The second deleting information comprises an identification code of the second execution plan to be deleted.

Example two

Fig. 2 is a flowchart of a data processing method according to a second embodiment of the present invention, where the method may be implemented by a data processing device, and the device may be formed by hardware and/or software, and may be generally integrated into a device having a data processing function, and the device may be a planning execution node. As shown in fig. 2, the method specifically includes the following steps:

step 210, receiving an identification code sent by a plan generating node.

The identification code can be generated by the plan generating node according to the character string of the SQL sentence and the user environment. When the plan execution node receives the identification code sent by the plan generation node, the plan execution node indicates that the execution plan corresponding to the identification code is stored in the second cache.

And 220, acquiring a target execution plan from the second cache according to the identification code.

The second cache is used for storing information of an execution plan, and comprises the following steps: an identification code of the execution plan, a plan generation node, and contents of the execution plan.
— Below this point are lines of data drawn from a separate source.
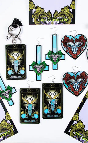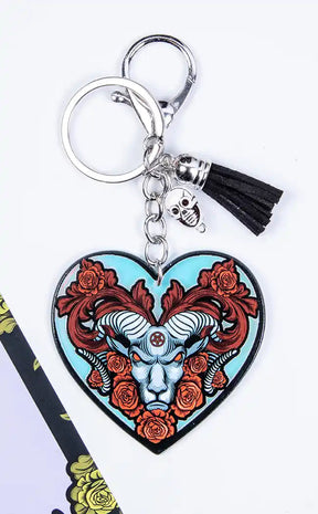 She's The Devil Holographic Keychain shows your allegiance with a goats head in an intricate frame of roses on a silver holographic background. Finished off with a skull charm and black tassel.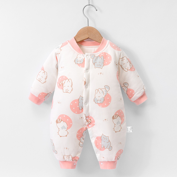 宝宝保暖连体衣秋冬款新生儿夹棉哈衣爬服男女婴幼儿加厚睡衣冬装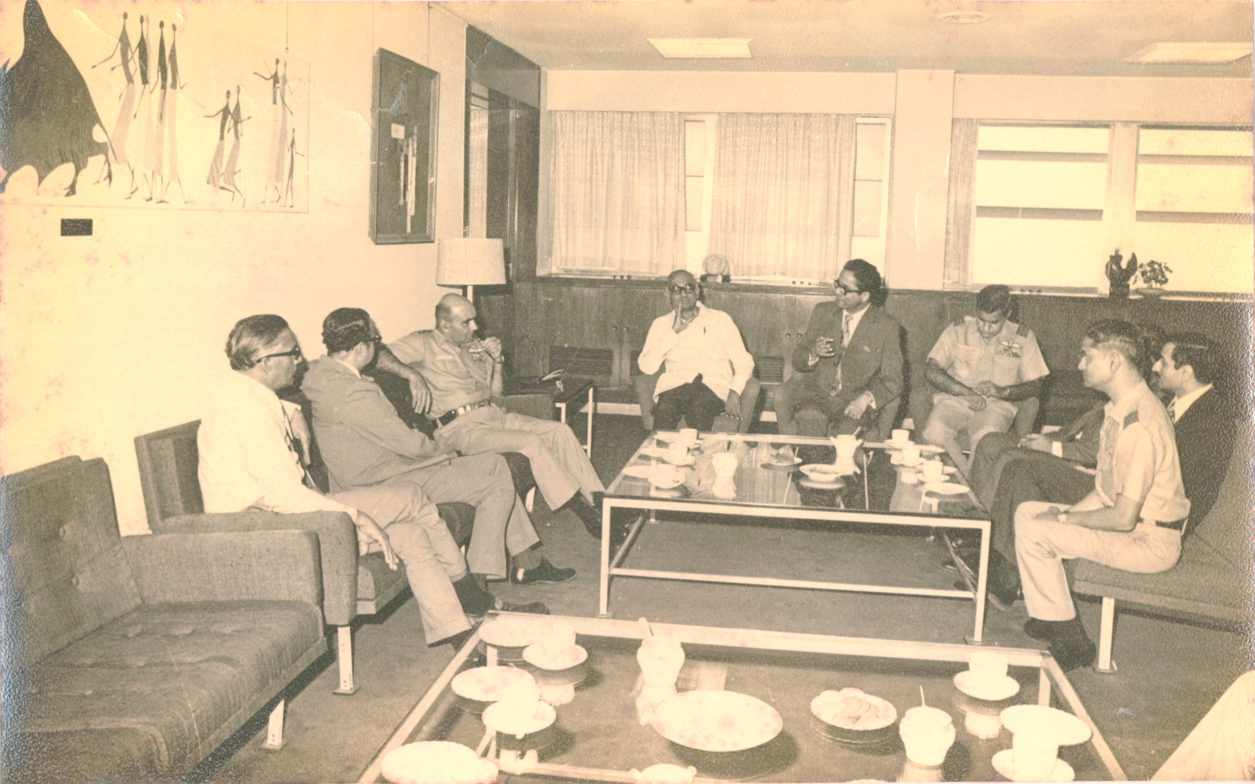 BHARAT DARSHAN – INDIA’S FIRST COMPUTER. AT ‘TIFR’, PROFESSOR PVS RAO WELCOMED INDIAN AIR CHIEF MEHTA WHO CAME TO DISCUSS THE DEVELOPMENT OF AIR DEFENCE DATA HANDLING SYSTEM (Air Defence Ground Environment System or ADGES).BHARAT DARSHAN – INDIA’S FIRST COMPUTER. AT ‘TIFR’, DR. PVS RAO ( SECOND FROM LEFT, SEATED ON A SOFA FACING THE CAMERA) HELD DISCUSSIONS WITH INDIAN AIR CHIEF MEHTA TO DEVELOP INDIA’S AIR DEFENCE DATA HANDLING SYSTEM (Air Defence Ground Environment System or ADGES).

The content of the target execution plan can be obtained from the second cache according to the identification code.

Step 230, processing the data according to the target execution plan.

Specifically, after the plan execution node obtains the target execution plan from the second cache, the data is processed according to the target execution plan.

Optionally, after the data processing of the plan execution node is completed, a message of successful or failed execution is returned to the plan generation node.

Optionally, the method further comprises the following steps: receiving an execution plan sent by a plan generating node; the data is processed according to the execution plan.

Wherein the execution plan is obtained by the plan generating node parsing the SQL statement. If the plan execution node receives the execution plan sent by the plan generation node, it indicates that the execution plan is not in the first cache, and the execution plan may or may not exist in the second cache. If so, indicating that the SQL is received by at least one other plan generating node and an execution plan is generated and sent to the current plan executing node; if not, this SQL is indicated as not having been received by any other plan generating node before or has been received and added to the first and second caches, but is later flushed from the first and second caches. Specifically, the plan execution node unpacks the received execution plan and performs data processing according to the unpacked execution plan.

Optionally, after receiving the execution plan sent by the plan generating node, the method further includes the following steps: and storing the information of the execution plan into a second cache.

Wherein the information of the execution plan includes: an identification code of the execution plan, a plan generation node, and contents of the execution plan.

Specifically, the process of storing the information of the execution plan in the second cache may be: if the second cache reaches the upper limit of the cache, determining a second execution plan to be deleted; deleting the second execution plan to be deleted from the second cache, and generating second deletion information, wherein the second deletion information comprises an identification code of the second execution plan to be deleted; the second deleting information is sent to a plan generating node corresponding to the second execution plan to be deleted, so that the plan generating node deletes the execution plan corresponding to the second deleting information in the first cache; and storing the information of the execution plan into the cleaned second cache. And if the execution plan corresponding to the second deletion information in the first cache also corresponds to other plan execution nodes, the second deletion information is sent to the other plan execution nodes.

For example, taking table 1, table 2 and table 3 of one embodiment as examples, table 1 is a first cache of SP1, table 2 is a second cache of BP1, table 3 is a second cache of BP2, if BP1 determines to delete the basic information of ID a, the deleting information is sent to SP1, after BP1 receives the deleting information, the execution plan corresponding to ID a is deleted, and meanwhile, deleting information is sent to BP2, so that BP2 deletes the basic information of ID a.

The second execution plan to be deleted may be determined according to the time from the cache to the second cache or the number of times of multiplexing, for example: and determining the execution plan which is stored to the second cache earliest or has the least multiplexing number as a second execution plan to be deleted.

Optionally, the method further comprises the following steps: receiving first deletion information sent by a plan generating node; the first deleting information comprises an identification code of a first execution plan to be deleted; and deleting the execution plan corresponding to the first deletion information in the second cache.

According to the technical scheme of the embodiment, the identification code sent by the plan generating node is received, the target execution plan is obtained from the second cache according to the identification code, and data are processed according to the target execution plan. When the received identification code of the SQL sentence is matched with the identification code in the cache, only the identification code is required to be sent, and the plan execution node directly multiplexes the execution plan in the second cache, and does not need to regenerate, package, send and unpack the execution plan, so that the data processing efficiency is improved.

Example III

Fig. 3 is a schematic structural diagram of a data processing apparatus according to a third embodiment of the present invention. The apparatus is provided at a plan generation node, and as shown in fig. 3, includes: an identification code generation module 310, a matching code search module 320 and an identification code transmission module 330.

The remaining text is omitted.